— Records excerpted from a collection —
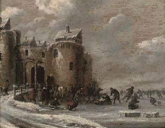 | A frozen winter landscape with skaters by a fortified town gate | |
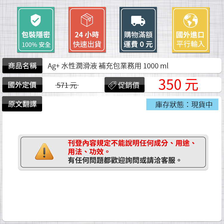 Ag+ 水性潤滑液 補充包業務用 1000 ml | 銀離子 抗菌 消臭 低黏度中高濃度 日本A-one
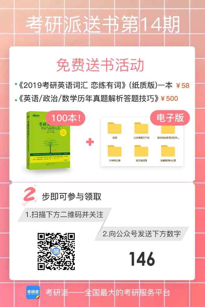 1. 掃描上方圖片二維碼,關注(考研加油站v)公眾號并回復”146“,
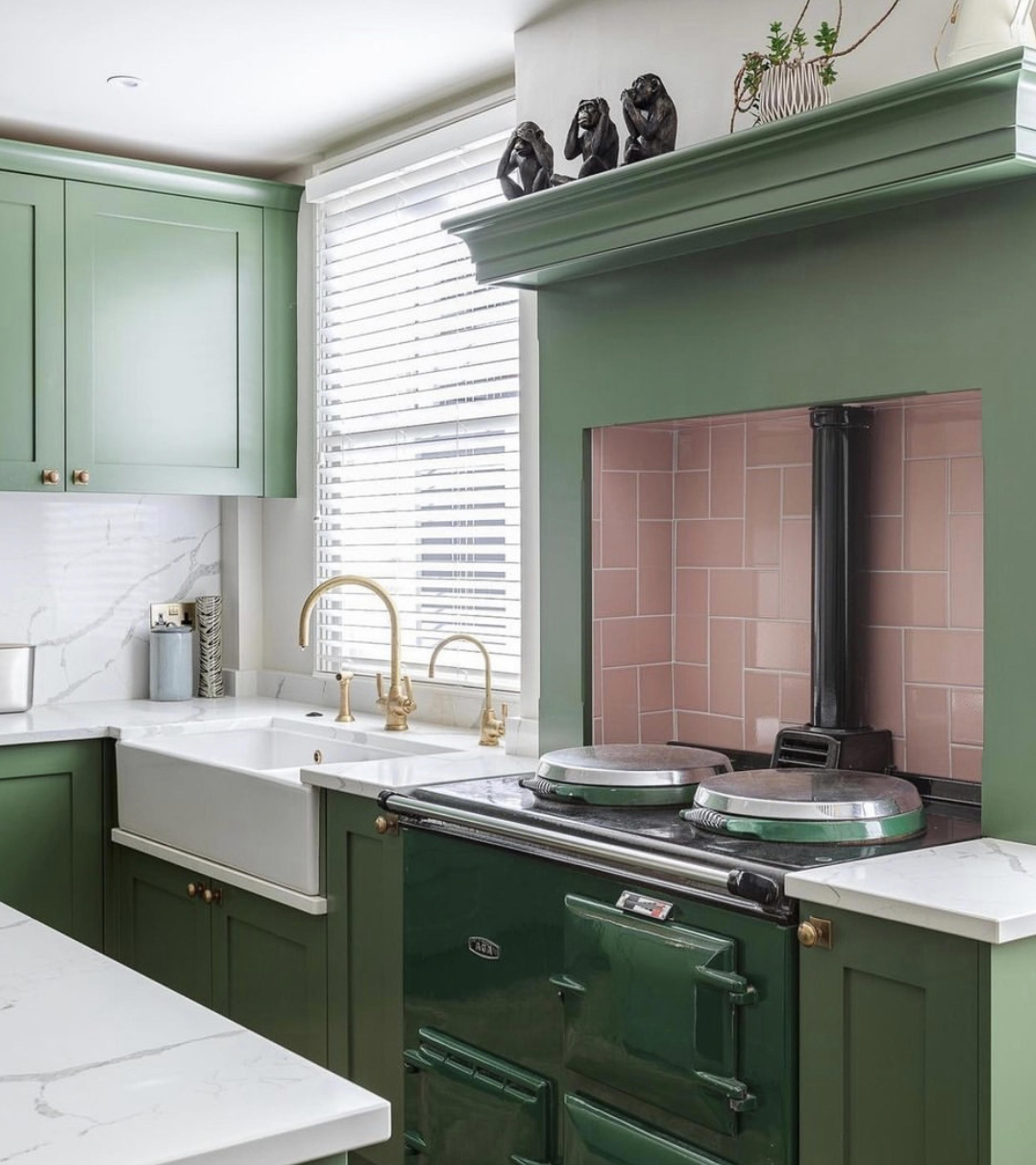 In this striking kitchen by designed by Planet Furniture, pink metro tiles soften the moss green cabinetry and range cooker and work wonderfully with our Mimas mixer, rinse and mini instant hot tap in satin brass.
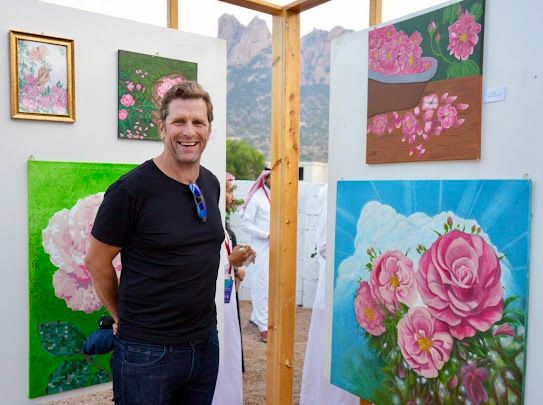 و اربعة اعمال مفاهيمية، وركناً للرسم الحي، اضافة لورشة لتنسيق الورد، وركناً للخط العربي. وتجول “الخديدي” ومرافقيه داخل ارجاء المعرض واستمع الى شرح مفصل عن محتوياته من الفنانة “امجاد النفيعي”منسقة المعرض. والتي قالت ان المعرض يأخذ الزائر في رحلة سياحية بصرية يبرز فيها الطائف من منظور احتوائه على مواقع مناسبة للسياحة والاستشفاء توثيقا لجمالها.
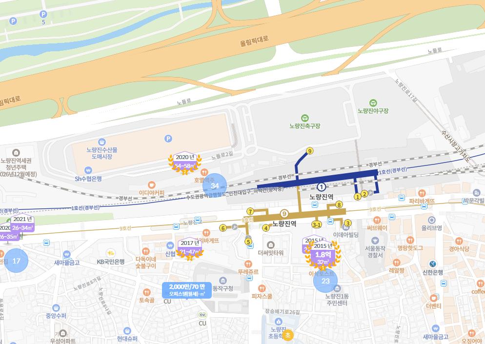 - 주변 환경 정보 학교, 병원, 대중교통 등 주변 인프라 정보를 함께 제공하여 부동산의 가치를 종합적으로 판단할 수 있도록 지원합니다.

— Exercise prompt —
With the images excluded, all entries are to be given again exactly.

— Answer —
 | A frozen winter landscape with skaters by a fortified town gate | |
 Ag+ 水性潤滑液 補充包業務用 1000 ml | 銀離子 抗菌 消臭 低黏度中高濃度 日本A-one
 1. 掃描上方圖片二維碼,關注(考研加油站v)公眾號并回復”146“,
 In this striking kitchen by designed by Planet Furniture, pink metro tiles soften the moss green cabinetry and range cooker and work wonderfully with our Mimas mixer, rinse and mini instant hot tap in satin brass.
 و اربعة اعمال مفاهيمية، وركناً للرسم الحي، اضافة لورشة لتنسيق الورد، وركناً للخط العربي. وتجول “الخديدي” ومرافقيه داخل ارجاء المعرض واستمع الى شرح مفصل عن محتوياته من الفنانة “امجاد النفيعي”منسقة المعرض. والتي قالت ان المعرض يأخذ الزائر في رحلة سياحية بصرية يبرز فيها الطائف من منظور احتوائه على مواقع مناسبة للسياحة والاستشفاء توثيقا لجمالها.
 - 주변 환경 정보 학교, 병원, 대중교통 등 주변 인프라 정보를 함께 제공하여 부동산의 가치를 종합적으로 판단할 수 있도록 지원합니다.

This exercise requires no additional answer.